§ REQUIRED ACTION:
Repeat exactly, and only, the lines of the entries below from the one with "These five biotechnology" through the one with "3PE/2PE 執行 SY/T4013-95", both ends included.

§ EXCERPTED DATA:
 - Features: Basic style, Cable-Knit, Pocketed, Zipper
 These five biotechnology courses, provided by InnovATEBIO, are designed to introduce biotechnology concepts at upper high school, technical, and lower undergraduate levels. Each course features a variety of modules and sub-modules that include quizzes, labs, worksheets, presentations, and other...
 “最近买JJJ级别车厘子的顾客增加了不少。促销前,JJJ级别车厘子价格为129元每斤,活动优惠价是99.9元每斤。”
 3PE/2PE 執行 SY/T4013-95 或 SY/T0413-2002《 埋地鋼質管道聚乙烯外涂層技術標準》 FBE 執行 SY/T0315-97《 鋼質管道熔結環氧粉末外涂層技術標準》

==

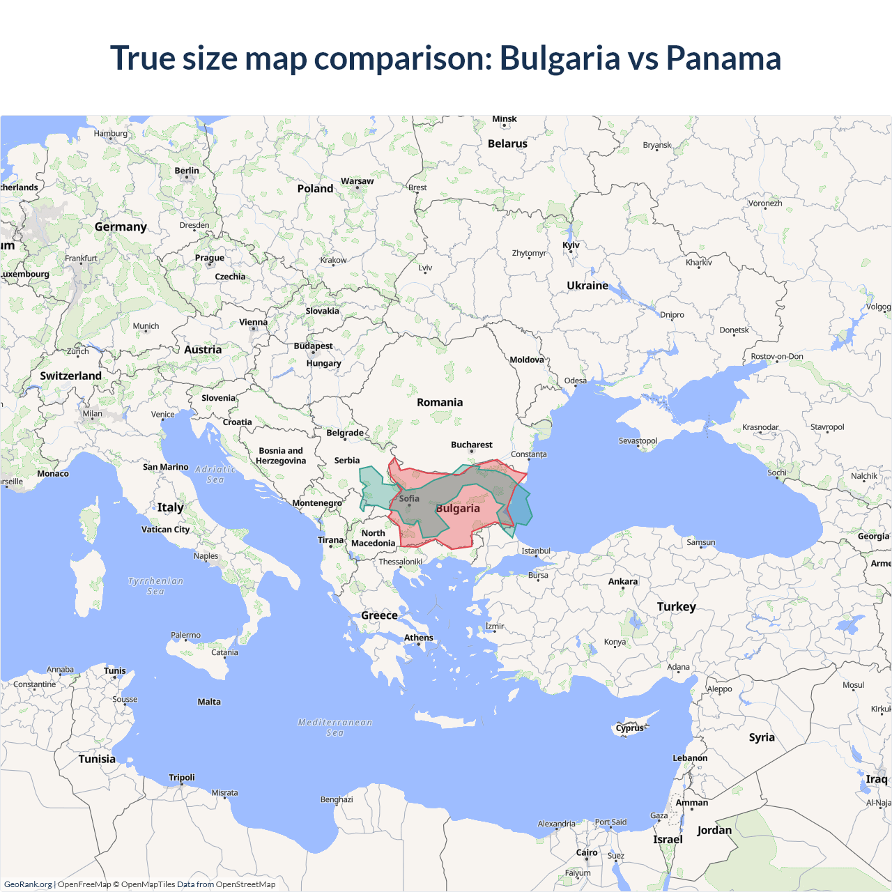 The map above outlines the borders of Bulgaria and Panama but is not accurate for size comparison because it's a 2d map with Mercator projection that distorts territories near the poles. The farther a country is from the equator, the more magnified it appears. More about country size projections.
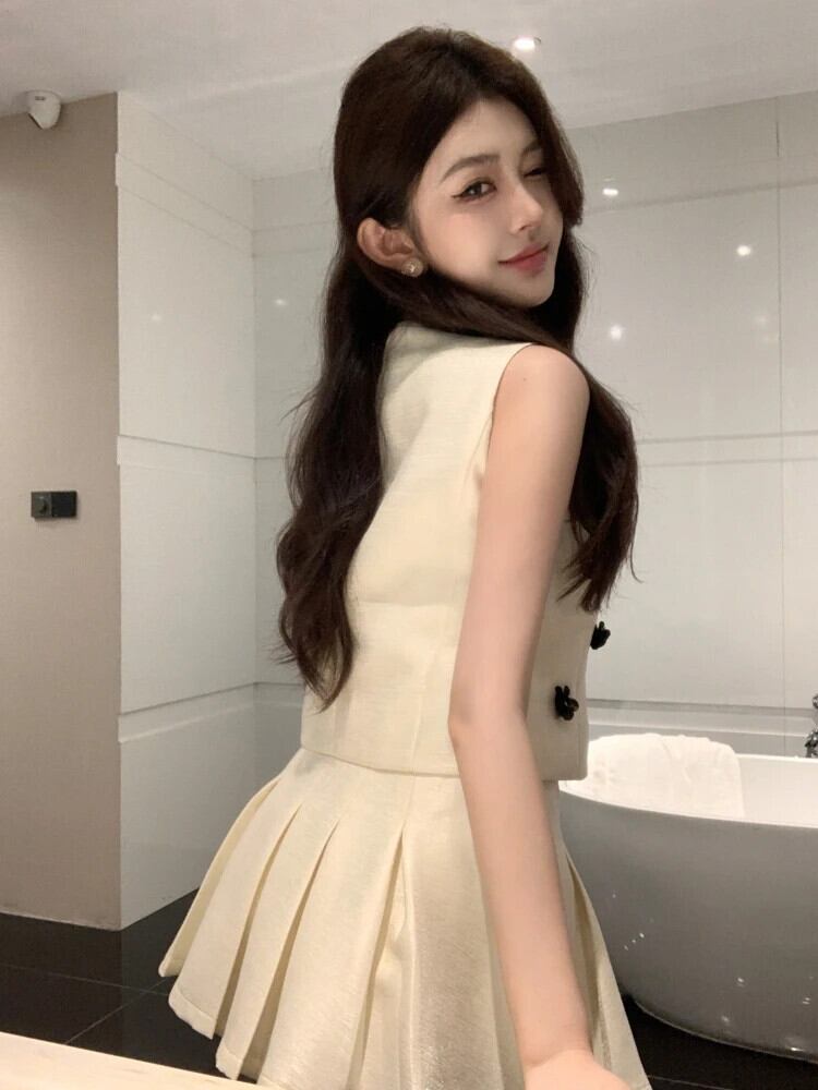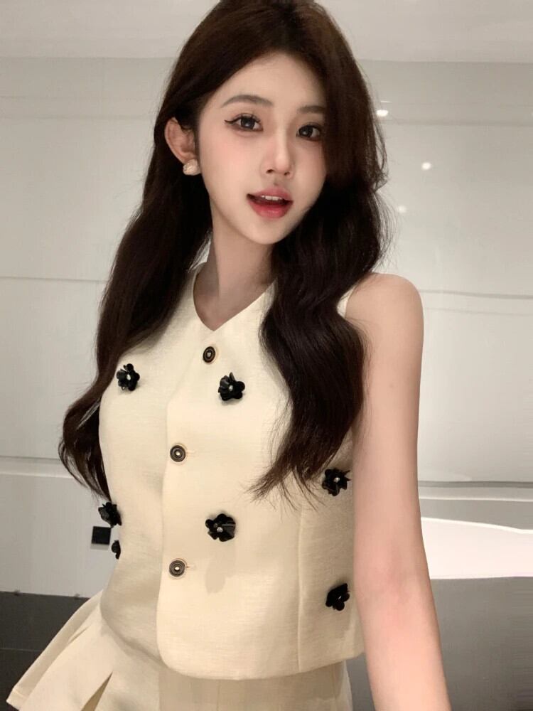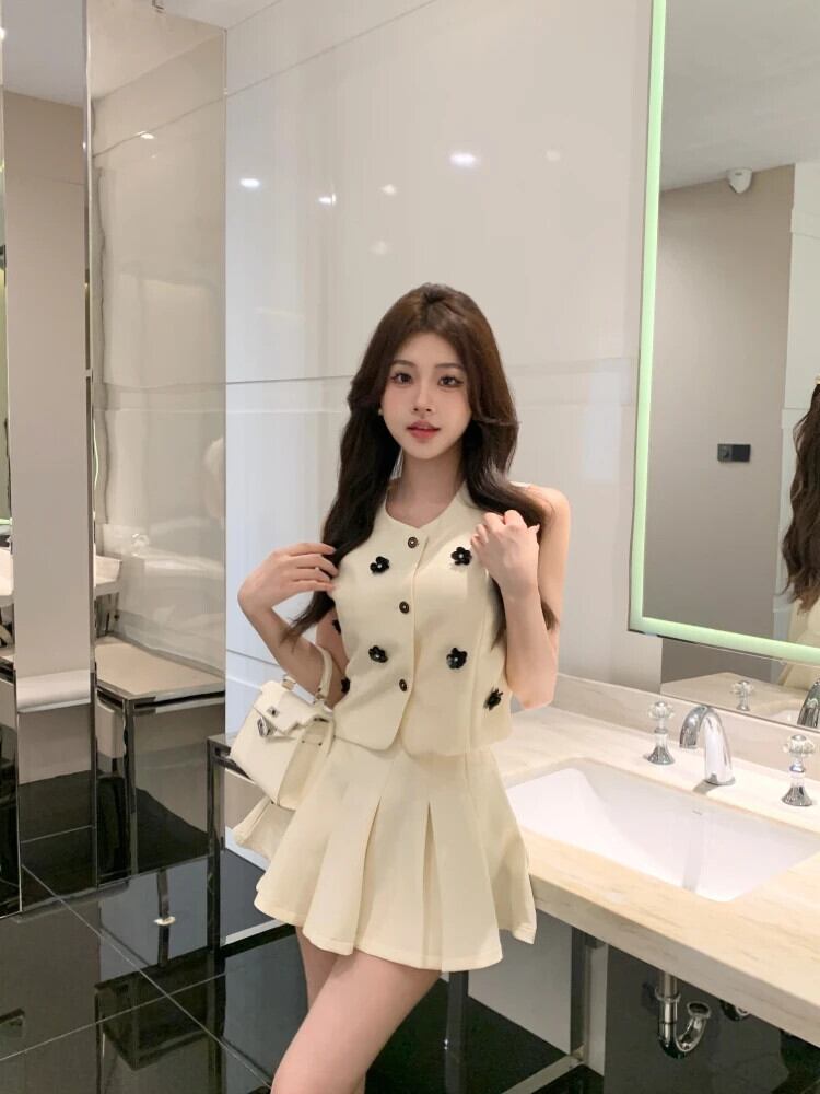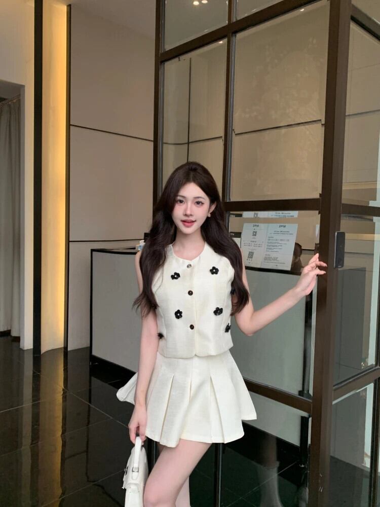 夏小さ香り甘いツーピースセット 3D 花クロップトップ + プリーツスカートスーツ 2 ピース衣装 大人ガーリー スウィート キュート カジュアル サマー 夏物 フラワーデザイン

* * *

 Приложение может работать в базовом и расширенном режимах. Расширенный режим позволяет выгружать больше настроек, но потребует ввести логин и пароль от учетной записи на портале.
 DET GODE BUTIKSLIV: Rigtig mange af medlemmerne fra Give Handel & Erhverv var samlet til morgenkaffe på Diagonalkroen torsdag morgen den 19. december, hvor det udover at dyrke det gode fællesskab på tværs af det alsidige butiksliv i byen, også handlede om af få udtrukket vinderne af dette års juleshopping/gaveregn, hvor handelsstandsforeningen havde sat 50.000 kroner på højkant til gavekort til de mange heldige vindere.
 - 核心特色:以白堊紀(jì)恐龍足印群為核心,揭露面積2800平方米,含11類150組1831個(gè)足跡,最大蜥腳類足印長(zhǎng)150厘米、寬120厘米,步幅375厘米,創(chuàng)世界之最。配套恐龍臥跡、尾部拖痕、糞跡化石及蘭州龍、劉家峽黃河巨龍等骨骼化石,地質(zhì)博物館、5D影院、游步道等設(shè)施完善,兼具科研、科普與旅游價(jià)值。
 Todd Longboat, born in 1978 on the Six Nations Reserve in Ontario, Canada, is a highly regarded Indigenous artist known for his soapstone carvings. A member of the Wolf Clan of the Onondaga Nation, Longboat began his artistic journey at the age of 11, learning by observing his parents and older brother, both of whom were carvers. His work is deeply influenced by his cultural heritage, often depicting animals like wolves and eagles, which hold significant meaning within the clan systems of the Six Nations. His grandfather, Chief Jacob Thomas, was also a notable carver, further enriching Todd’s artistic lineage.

§ WRITTEN SOLUTION:
 These five biotechnology courses, provided by InnovATEBIO, are designed to introduce biotechnology concepts at upper high school, technical, and lower undergraduate levels. Each course features a variety of modules and sub-modules that include quizzes, labs, worksheets, presentations, and other...
 “最近买JJJ级别车厘子的顾客增加了不少。促销前,JJJ级别车厘子价格为129元每斤,活动优惠价是99.9元每斤。”
 3PE/2PE 執行 SY/T4013-95 或 SY/T0413-2002《 埋地鋼質管道聚乙烯外涂層技術標準》 FBE 執行 SY/T0315-97《 鋼質管道熔結環氧粉末外涂層技術標準》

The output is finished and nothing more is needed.